Well, it is right out there in the open, isn't it.
Trump just takes his marching orders from the 2025 legal team.
He doesn't even think about the actual oath he took upon inauguration. And I suspect that they told him that if his hand wasn't on the bible, the words don't count.
No one who has ever listened to Donald J. Trump for more than 14 minutes knows quite well that honesty and integrity are not even possible for him. He is such an inveterate liar that he truly believes no one has those virtues. He is transactional. He will say anything and then the opposite, and claim CEO exemption when called on it. He is a true Tsarist.
We need to stop referring to him as king. Kings have constitutional limits and are subject to parliaments. He seriously envisions himself as the owner of the company and therefore can violate anything he damned well pleases. It tells you everything you need to know about how he has violated law and the SEC, FTC, EPA, HUD, and many others.
It's a representative democracy. The problem is not the elected. The problem is the electorate.

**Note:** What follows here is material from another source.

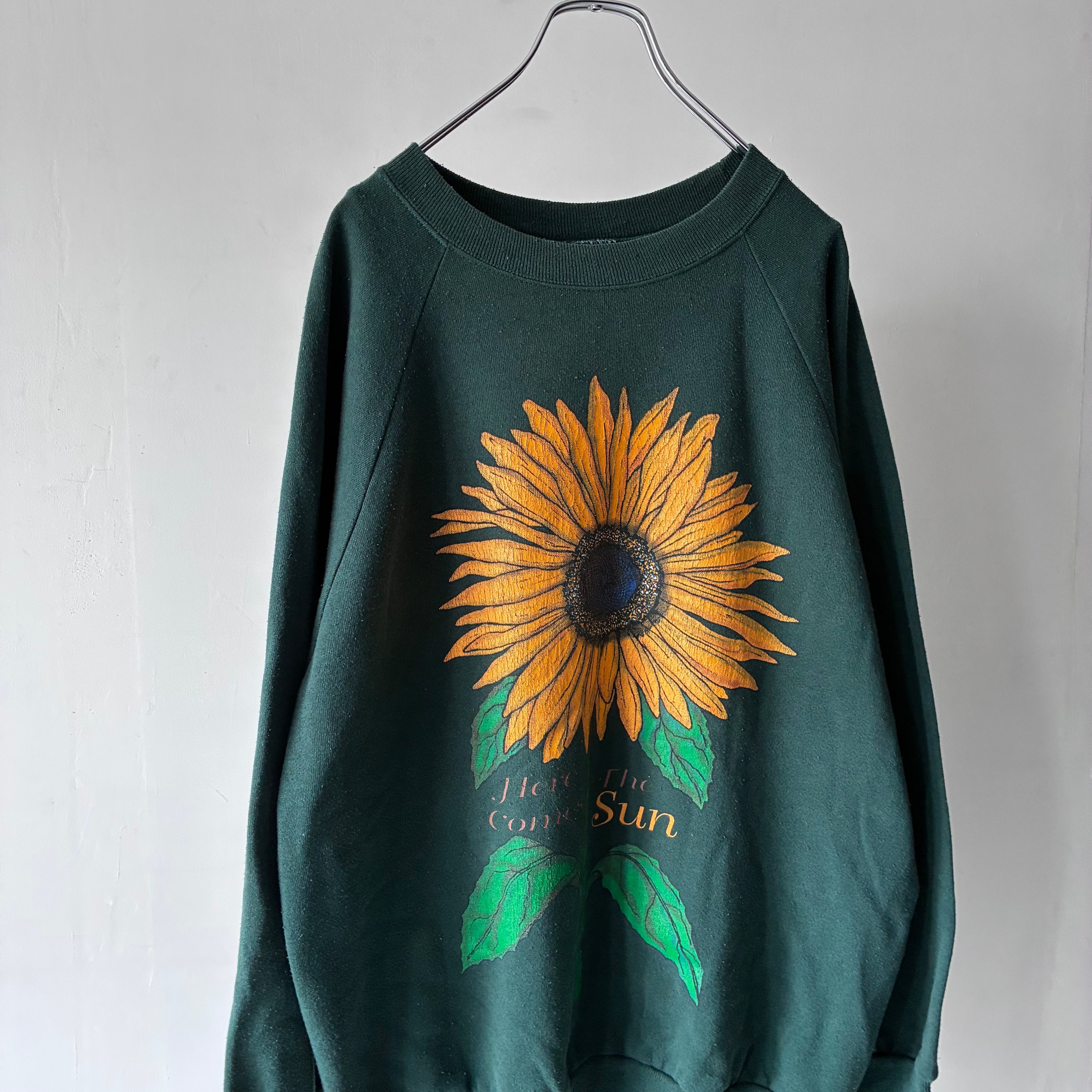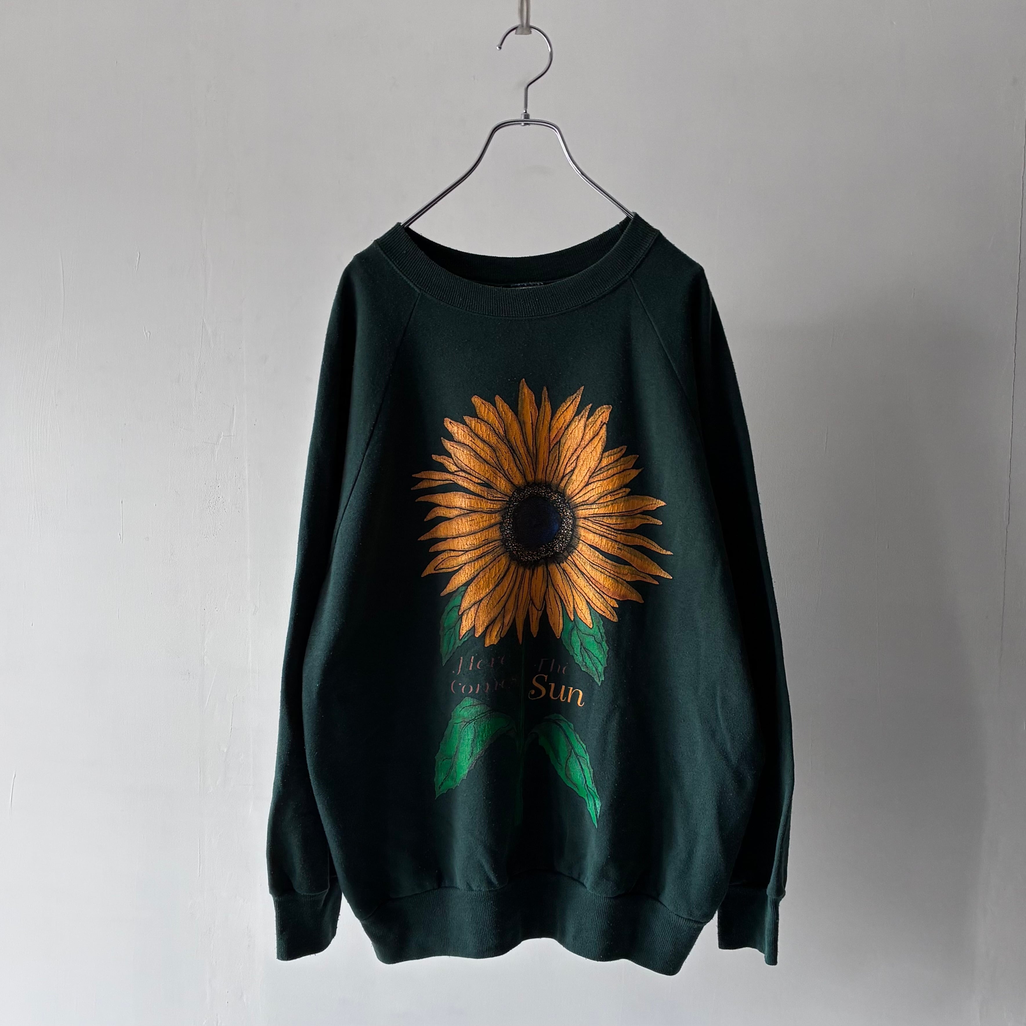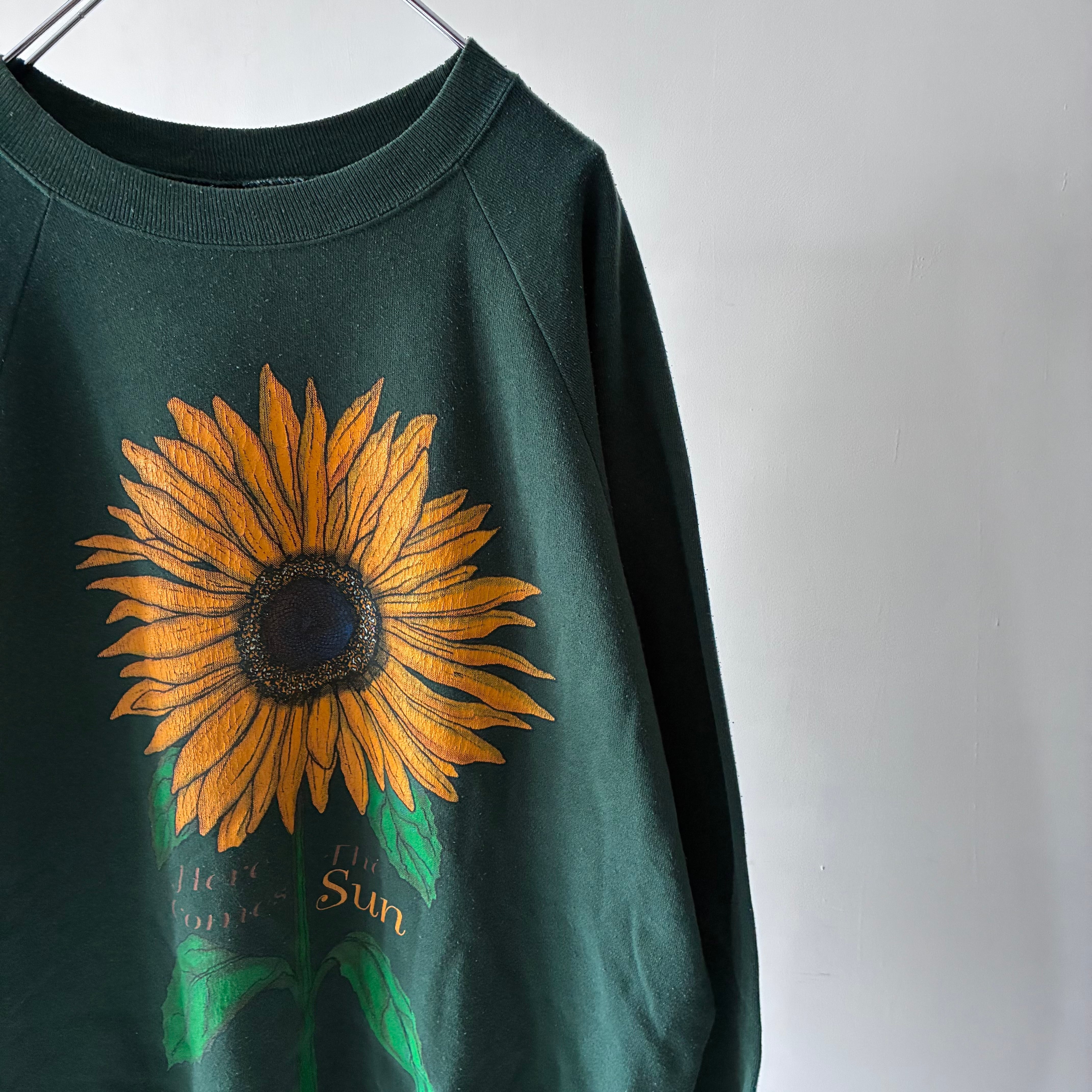 90’s USA製の雰囲気が色濃く漂う、ひまわりプリントスウェット

David Hogg has been out doing interviews saying that it's time to throw out old, stale, entrenched Democrats in safe districts and replace them with younger people who are more in touch with the problems of average Americans and you have a vision for reforming the system. He has the message right. Expertise can be developed in school boards, county governments, state governments and other federal government positions. We don't need a Congress full of in their 70s who die in office after serving 30+ years, and whose purpose is to perpetuate the stale bureaucratic system and then get themselves re-elected.
Hogg's plan to bring in a new energetic group with new ideas will work but only if the system is reformed to make every Congressional seat a competitive race for everyone. If we have a politicians like Alan Grayson, MTG, Matt Gaetz, Robert Menendez, Dennis Kucinich who get re-elected with big margins, we have a bigger problem with the electorate, with the primary system and with gerry-mandered districts.
I think I differ.
From the inception of demcracy, there have been base movements in populism. But, the successful democracies withstand that element, and the integrity of the elected prevails over the corrupt or anti-constitutional tendencies.
In America, both parties do and have gerrymandered.
The prevalence of mercenary disruptors is evidence of a no-confidence vote among the working class. The fact that the GOP successfully hijacked the working class vote from the Democrats after decades of being identified as the upper classes party is evidence of Trump riding the dissatisfaction, offering mere cultural victories while raping away the benefits the working man had in the federal government's agencies.
And all the GOP had to do was sell its soul, and play hard on abortiton in the pedals while running a fugue in the great and swell with hormone treatements for children of dysmorphic parenting and a full-throated rejection of that everything in white America is racist above all else. Hmmm, I wonder WHO could have let the opposition dwindle to only SJW topics instead of health care, minimum wage, and affordable housing?
You are in a state with some of the lowest turnout numbers in the country. Let's also add a fourth reason- some States have political power structures that make it as hard as possible to vote.
Presidential election years typically have a 60-70% turnout. Off year elections get about 45-55% of the electorate to turn out.
States like Alabama, California, Hawaii, Mississippi and Texas typically have turnout numbers that are below the norms. These states also have a large number of minority voters who are more inclined to vote Democrat.
But that doesn't get at the heart of the issue. Again, low voter turnout is a symptom, not the problem.
And, it isn't THAT hard to vote.
The electorate includes a large swath of uneducated citizens who have no clue about what politicies do what, nor do they care a whit. For many of them, their houses would have to be bulldozed before they'd make the effort to go vote. They simply don't care. And in that swath, I'm including many college educated persons who never learned anything in college outside their vocational training as business majors or some specialized technical field like IT or engineering. My co-worker, a decent guy with a teen son, a divorce, and a middle-class income, mentioned last yeart that he had never voted before 2024. He is in his mid-40's. I don't think he is rare at all.
Too many liberals argue that everything is about poverty and the least capable, but there are plenty of the poor that make it to a sports game or pop concert or casino or theme park when they want to, so showing up to vote once every four years isn't that big of a hurdle.
And many of the young see how little voting matters when GOP and Democrat alike claim to be helping, when what they are actually doing is helping their corporate lobbies and screwing the working man.
So, their no-show IS their vote.
That also explains why SO many support MAGA and its anti-constitutional strain. If the Constitution isn't helping in the current disintegration of Aamerican society, why would they care if it is ignored? It's not like the law is sacred to them. They see it bent for the rich every day. And they know Epstein didn't kill himself.